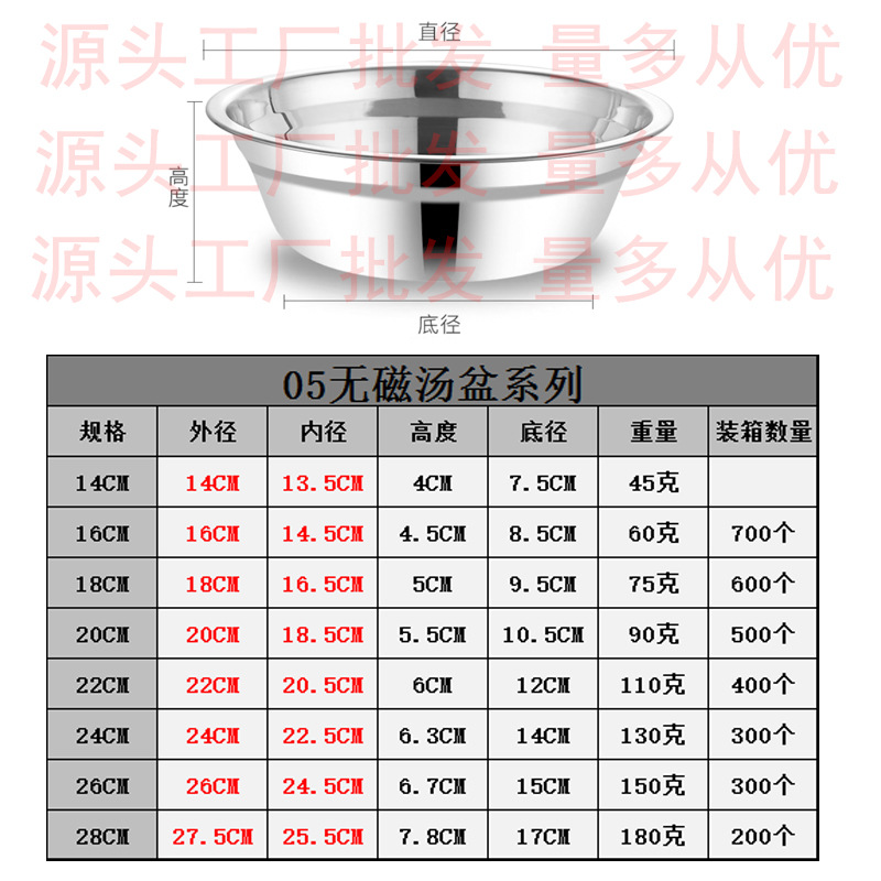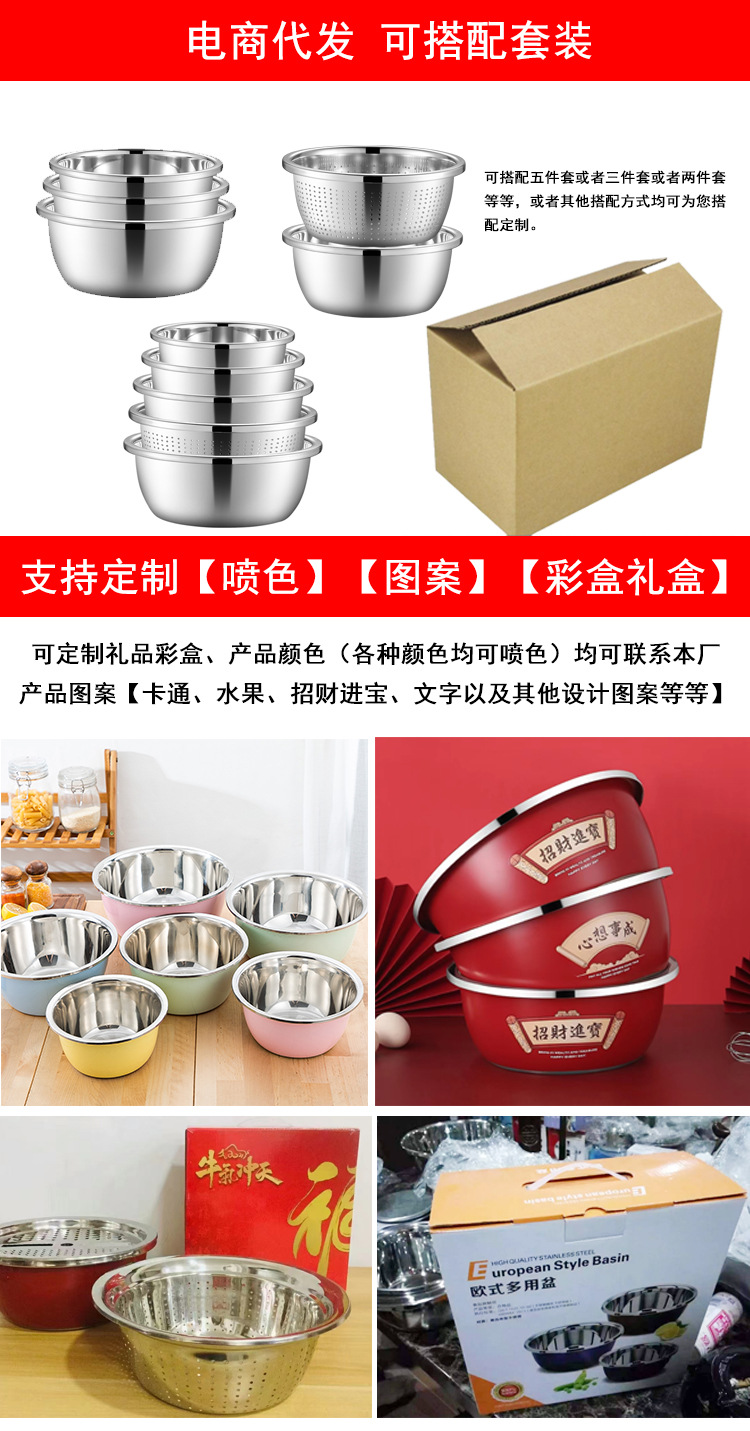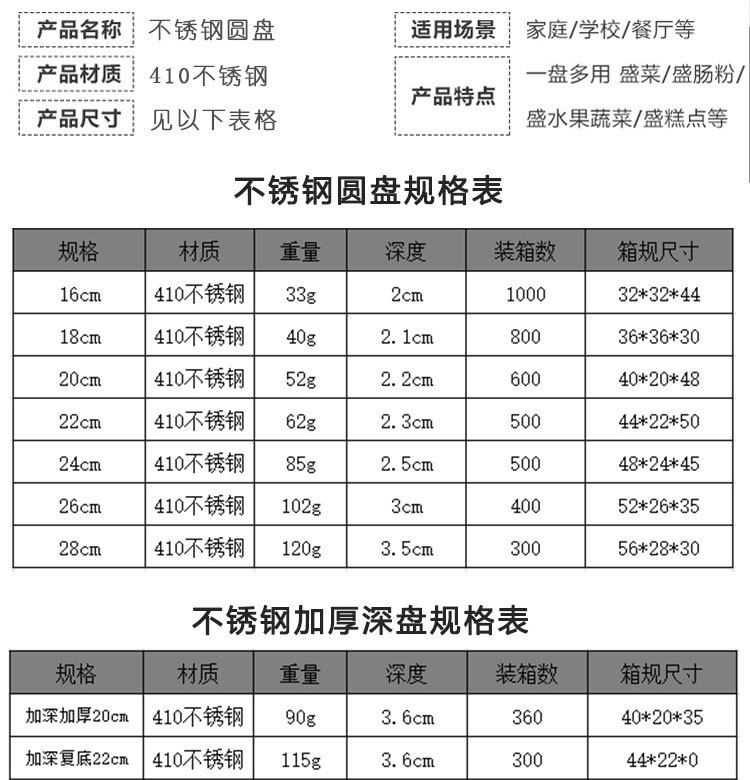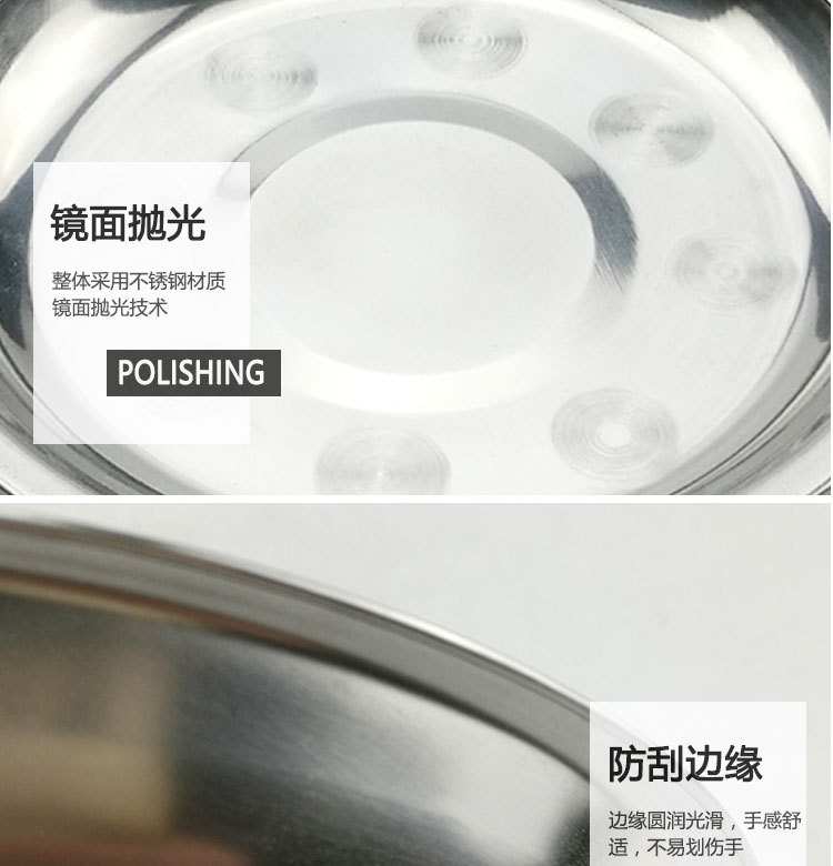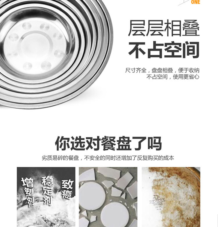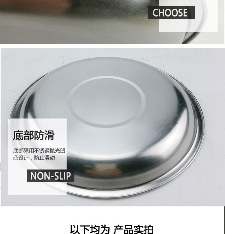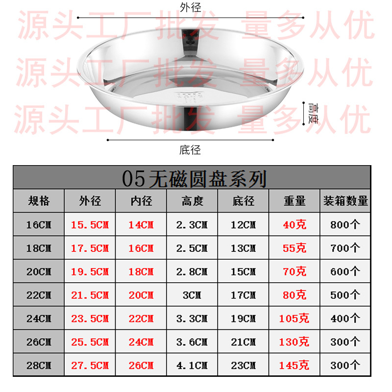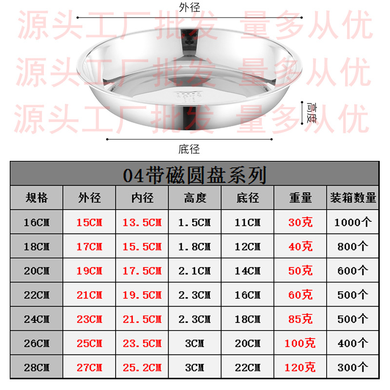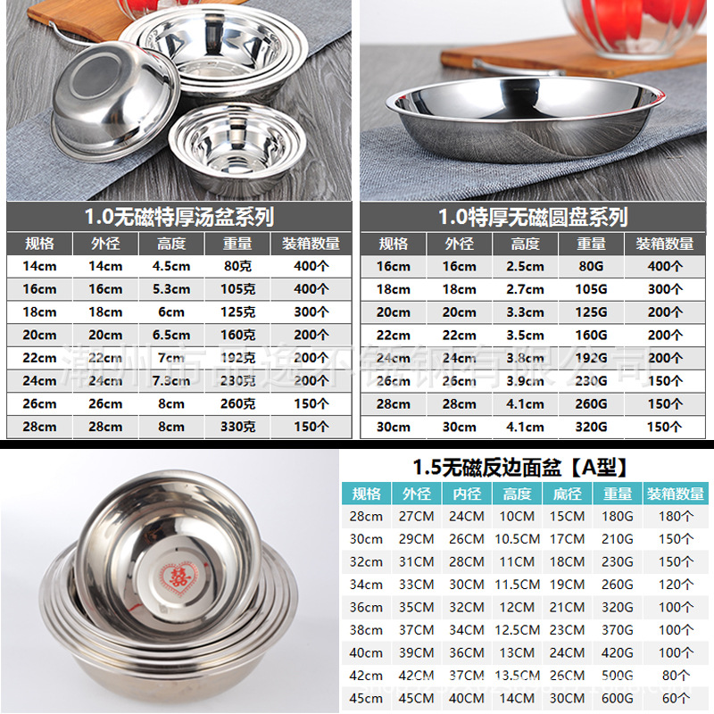 도매 스테인레스 스틸 트레이 304 식품 등급 플레이트 라운드 딥 플레이트 가정용 주방 학교 매점 생선 요리스토어 가기
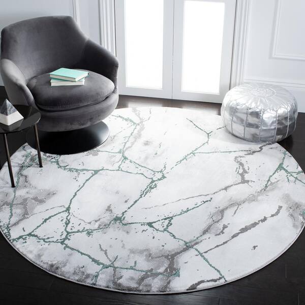 Craft 5 ft. x 5 ft. Gray/Green Distressed Abstract Round Area Rug
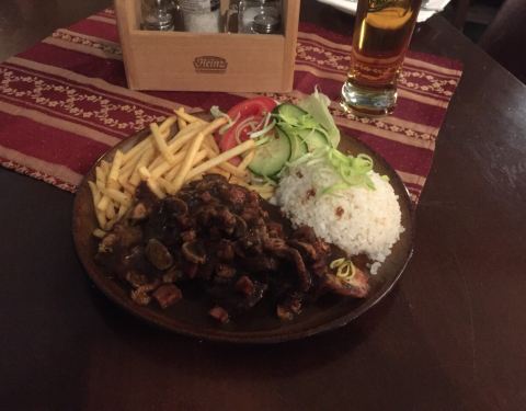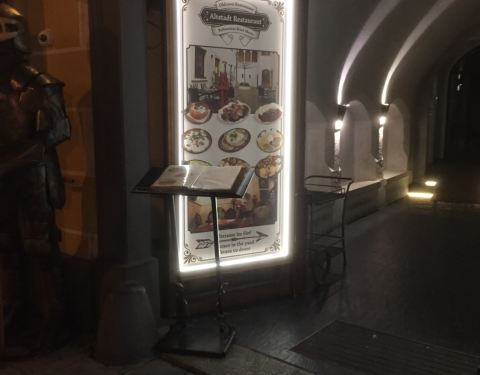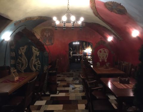 餐厅位于迈克尔城门附近,经过时看到他们的广告才跑进小巷内才找到。里面的装修古色古香,墙上挂了不少摆设,很有中世纪欧洲的风味。吃的都是斯洛伐克菜式,点的猪排和牛排有点咸,不过还是全部吃掉。
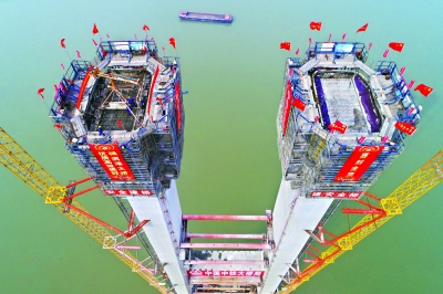 据悉,主塔是负责承重的部分,两座主塔封顶后,大桥将进入上部结构施工。下一步,将进行先导索过江,架设牵引系统,安装猫道、主缆、吊索等,预计明年“五一”开始主缆架设,明年“十一”进入架梁施工。目前大桥钢桁梁已经开始工厂化预制。武昌岸引桥也正在加紧上部结构施工。

################

Activity: The listing above is to be retyped exactly, with all pictures left out.

Worked solution:
 도매 스테인레스 스틸 트레이 304 식품 등급 플레이트 라운드 딥 플레이트 가정용 주방 학교 매점 생선 요리스토어 가기
 Craft 5 ft. x 5 ft. Gray/Green Distressed Abstract Round Area Rug
 餐厅位于迈克尔城门附近,经过时看到他们的广告才跑进小巷内才找到。里面的装修古色古香,墙上挂了不少摆设,很有中世纪欧洲的风味。吃的都是斯洛伐克菜式,点的猪排和牛排有点咸,不过还是全部吃掉。
 据悉,主塔是负责承重的部分,两座主塔封顶后,大桥将进入上部结构施工。下一步,将进行先导索过江,架设牵引系统,安装猫道、主缆、吊索等,预计明年“五一”开始主缆架设,明年“十一”进入架梁施工。目前大桥钢桁梁已经开始工厂化预制。武昌岸引桥也正在加紧上部结构施工。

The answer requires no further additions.